RECORDS FOR PROCESSING:

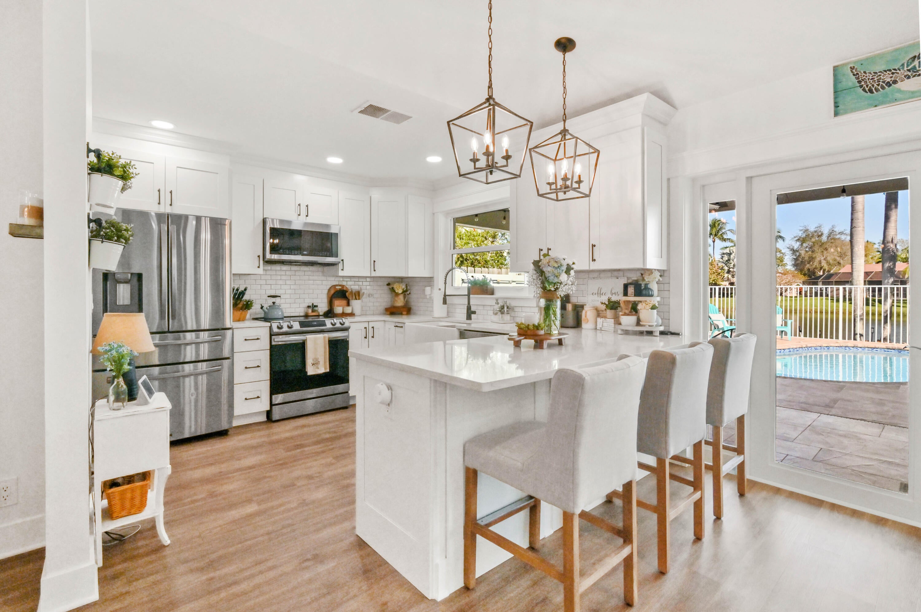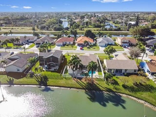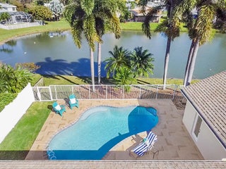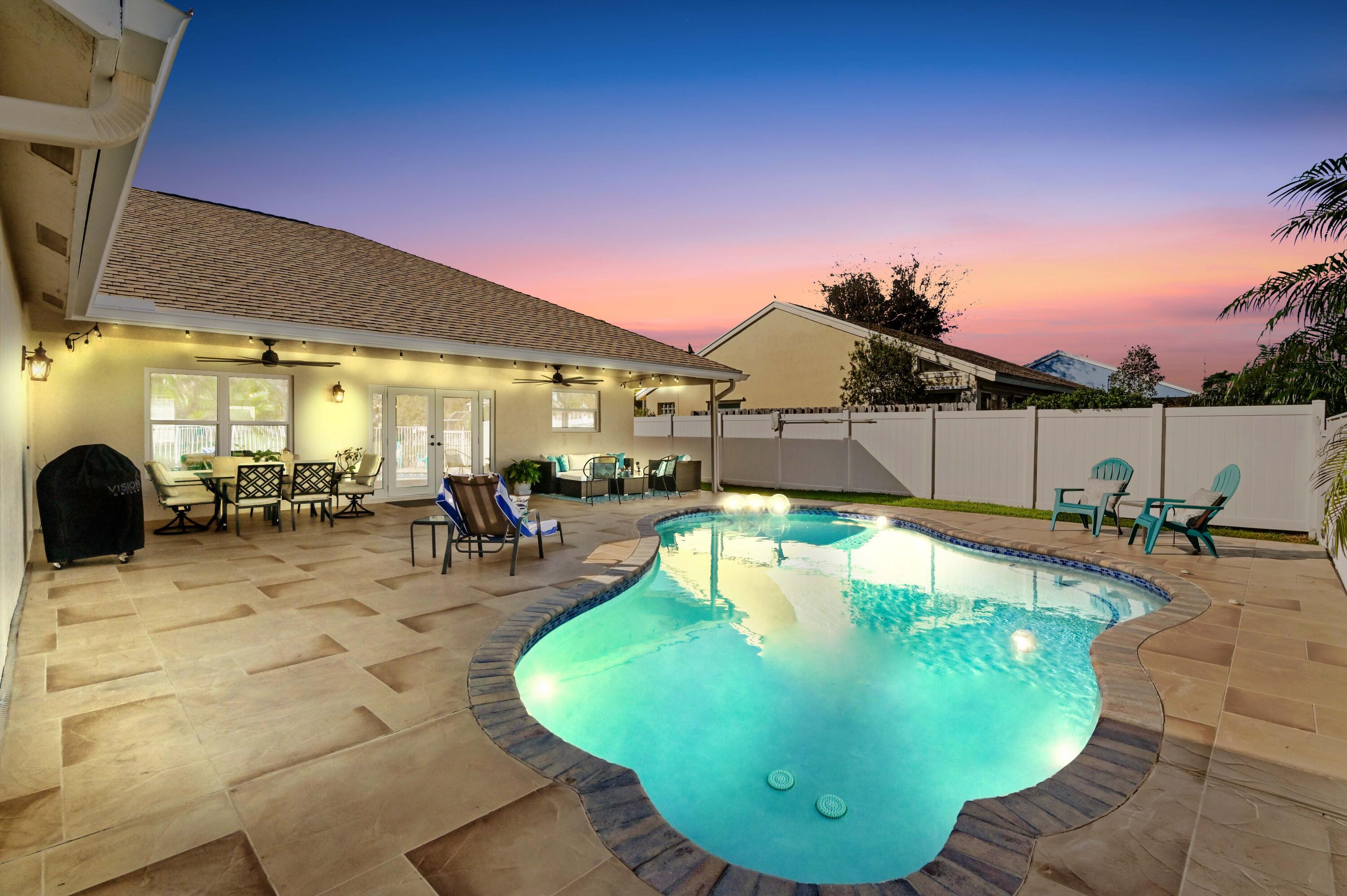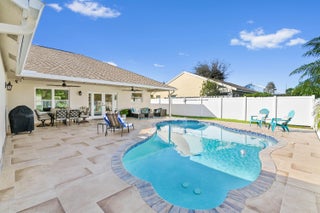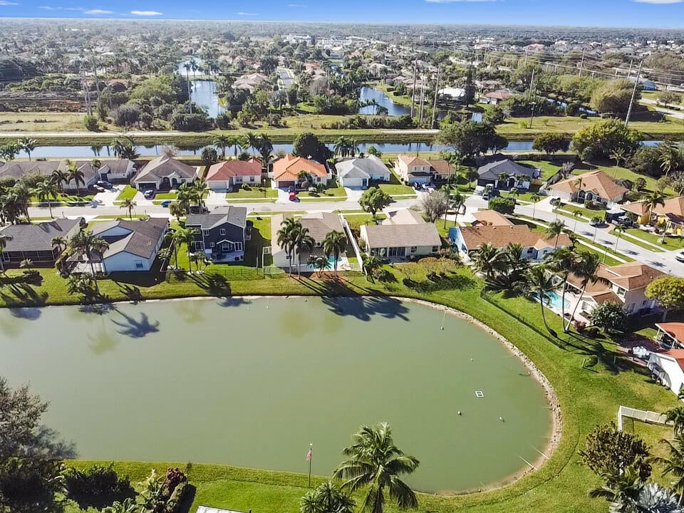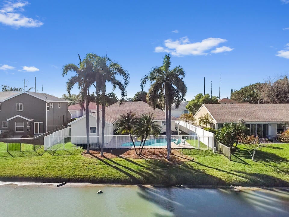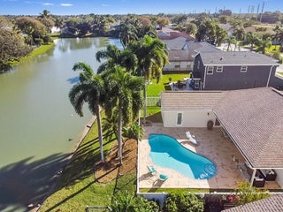 Welcome to this meticulously maintained 4-bedroom, 2-bath waterfront haven with a private pool, nestled in a serene setting with a fenced rear yard and breathtaking lake views. Step inside this true 4-bedroom gem, where an immaculate open floor plan unfolds seamlessly, offering a family room, living room, and formal dining area. The kitchen, adorned with modern appliances and quartz countertops boasts generous counter space, and a spacious pantry, ensuring culinary delights in a stylish setting. This beautiful home also features luxury vinyl flooring throughout, vaulted ceilings with a wood beam, custom trim around doors, and a full size washer and dryer.The masterfully designed home features a tub in the guest bath and a shower with frameless doors in the master bath, enhancing the luxurious appeal. The water view captivates from the salt water pool and expansive covered lanai with 72 inch fans, providing an idyllic spot to unwind. Impact doors and windows throughout and master suite open to the pool/patio, creating a seamless indoor-outdoor living experience. Practicality meets style with a large 2-car garage and a separate laundry room. Enjoy the ease of living with low HOA fees, making this delightful residence even more appealing. This property is available for viewings by appointment only. Conveniently located just minutes away from upscale shopping, dining, and entertainment options, this home is situated in a meticulously maintained community to enhance your lifestyle. Experience the perfect blend of comfort, elegance, and convenience in this remarkable home - schedule your appointment today!
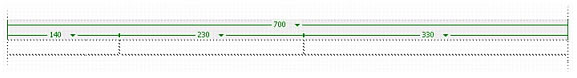 假如已打開表格選擇器("查看">"可視化助理">"表格寬度"),將能看到剛才在各個表格列上輸入的三個像素值。
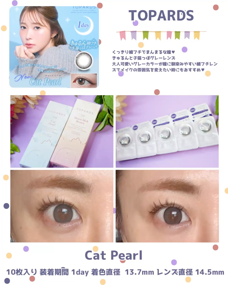 \月にとろける新色レンズ🌙/指原莉乃さんプロデュースのTOPARDSから新色が登場しました🌙うるみハイライトデザイン&大きめの着色直径で美人盛れ✴︎気になる方はぜひチェックしてみてください♡【製品概要】TOPARDSムーンメルトブラウンキャッ...
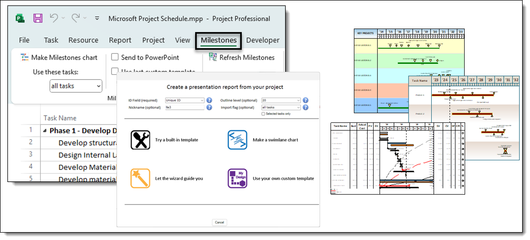⚡ Effortlessly Switch Between Tools: Move seamlessly between Microsoft Project and Milestones Professional to craft visually stunning schedules.
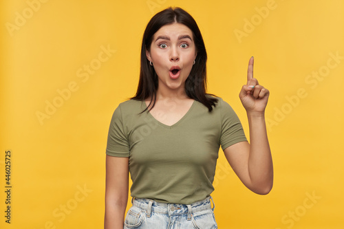 Amazed excited brunette young woman in casual clothes pointing up and having an idea isolated over yellow background Looking at camera
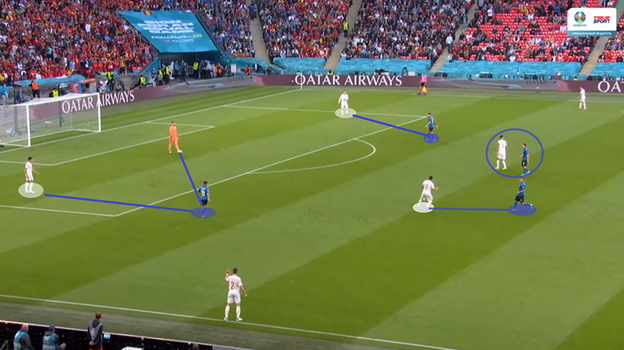 Итальянцы не привыкли к такому прессингу, а потому часто выбивали мяч вперед, где подбор оставался за испанцами — Иммобиле не выиграл ни одной верховой дуэли за матч. При попытке коротких розыгрышей Доннарумма практически всегда отдавал пас на Кьеллини — Бонуччи был под плотной опекой Ольмо. Этот ход объясняется тем, что Леонардо — обладатель одного из лучших первых пасов среди центральных защитников. Кьеллини в этом аспекте явно слабее. Итогом стала удручающая статистика первого тайма: каждое второе (51,4%) владение мячом итальянцев заканчивалось потерей из-за прессинга испанцев.
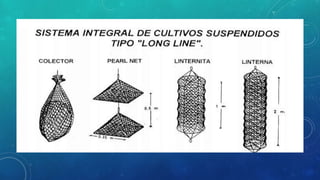 Este documento trata sobre la concha de abanico (Argopecten purpuratus), incluyendo su taxonomía, morfología, características ambientales, reproducción y cultivo. La concha de abanico se distribuye geográficamente desde Nicaragua hasta Chile y vive en aguas costeras entre 5-30 metros de profundidad. En Perú existen varios bancos naturales de esta especie, y se cultiva principalmente en zonas de Ancash, Lima, Pisco y Piura. Su cultivo consiste en la reproducción de larvas en hatcheries
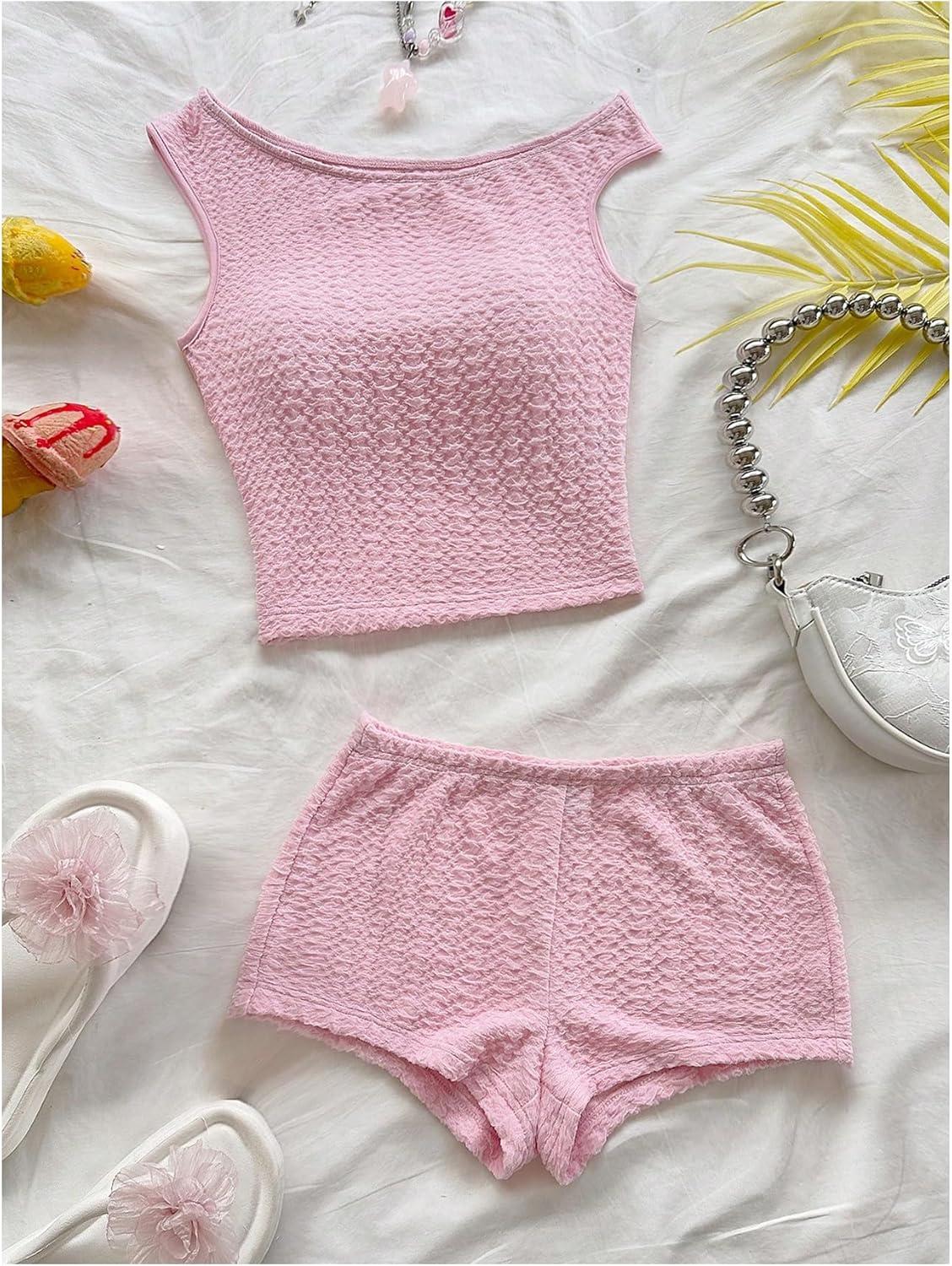 Be the first to review “SOLY HUX Women’s 2 Piece Striped Off The Shoulder Crop Tops and Mini Shorts Set Summer Y2K Going Out Outfits(Pure Pink Textured)”
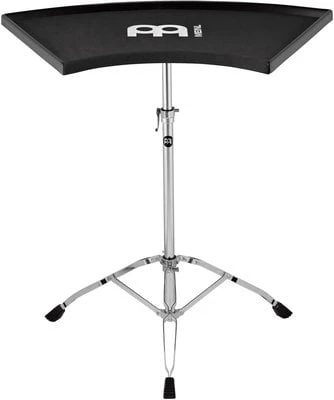Ergo Percussion Table. it’s designed for efficiency and stealth. The curved shape helps you to fit it into your set-up with no space wasted, while keeping everything within easy reach. The inner raised edge is padded, so that instruments may be picked up and set down with an absolute minimum of contact noise. Double braced legs keep it all secure and stable.

INSTRUCTIONS FOR THE TASK: Restate, word for word, all of the material above, leaving out the images.

SOLUTION TO THIS TASK:
 Welcome to this meticulously maintained 4-bedroom, 2-bath waterfront haven with a private pool, nestled in a serene setting with a fenced rear yard and breathtaking lake views. Step inside this true 4-bedroom gem, where an immaculate open floor plan unfolds seamlessly, offering a family room, living room, and formal dining area. The kitchen, adorned with modern appliances and quartz countertops boasts generous counter space, and a spacious pantry, ensuring culinary delights in a stylish setting. This beautiful home also features luxury vinyl flooring throughout, vaulted ceilings with a wood beam, custom trim around doors, and a full size washer and dryer.The masterfully designed home features a tub in the guest bath and a shower with frameless doors in the master bath, enhancing the luxurious appeal. The water view captivates from the salt water pool and expansive covered lanai with 72 inch fans, providing an idyllic spot to unwind. Impact doors and windows throughout and master suite open to the pool/patio, creating a seamless indoor-outdoor living experience. Practicality meets style with a large 2-car garage and a separate laundry room. Enjoy the ease of living with low HOA fees, making this delightful residence even more appealing. This property is available for viewings by appointment only. Conveniently located just minutes away from upscale shopping, dining, and entertainment options, this home is situated in a meticulously maintained community to enhance your lifestyle. Experience the perfect blend of comfort, elegance, and convenience in this remarkable home - schedule your appointment today!
 假如已打開表格選擇器("查看">"可視化助理">"表格寬度"),將能看到剛才在各個表格列上輸入的三個像素值。
 \月にとろける新色レンズ🌙/指原莉乃さんプロデュースのTOPARDSから新色が登場しました🌙うるみハイライトデザイン&大きめの着色直径で美人盛れ✴︎気になる方はぜひチェックしてみてください♡【製品概要】TOPARDSムーンメルトブラウンキャッ...
⚡ Effortlessly Switch Between Tools: Move seamlessly between Microsoft Project and Milestones Professional to craft visually stunning schedules.
 Amazed excited brunette young woman in casual clothes pointing up and having an idea isolated over yellow background Looking at camera
 Итальянцы не привыкли к такому прессингу, а потому часто выбивали мяч вперед, где подбор оставался за испанцами — Иммобиле не выиграл ни одной верховой дуэли за матч. При попытке коротких розыгрышей Доннарумма практически всегда отдавал пас на Кьеллини — Бонуччи был под плотной опекой Ольмо. Этот ход объясняется тем, что Леонардо — обладатель одного из лучших первых пасов среди центральных защитников. Кьеллини в этом аспекте явно слабее. Итогом стала удручающая статистика первого тайма: каждое второе (51,4%) владение мячом итальянцев заканчивалось потерей из-за прессинга испанцев.
 Este documento trata sobre la concha de abanico (Argopecten purpuratus), incluyendo su taxonomía, morfología, características ambientales, reproducción y cultivo. La concha de abanico se distribuye geográficamente desde Nicaragua hasta Chile y vive en aguas costeras entre 5-30 metros de profundidad. En Perú existen varios bancos naturales de esta especie, y se cultiva principalmente en zonas de Ancash, Lima, Pisco y Piura. Su cultivo consiste en la reproducción de larvas en hatcheries
 Be the first to review “SOLY HUX Women’s 2 Piece Striped Off The Shoulder Crop Tops and Mini Shorts Set Summer Y2K Going Out Outfits(Pure Pink Textured)”
Ergo Percussion Table. it’s designed for efficiency and stealth. The curved shape helps you to fit it into your set-up with no space wasted, while keeping everything within easy reach. The inner raised edge is padded, so that instruments may be picked up and set down with an absolute minimum of contact noise. Double braced legs keep it all secure and stable.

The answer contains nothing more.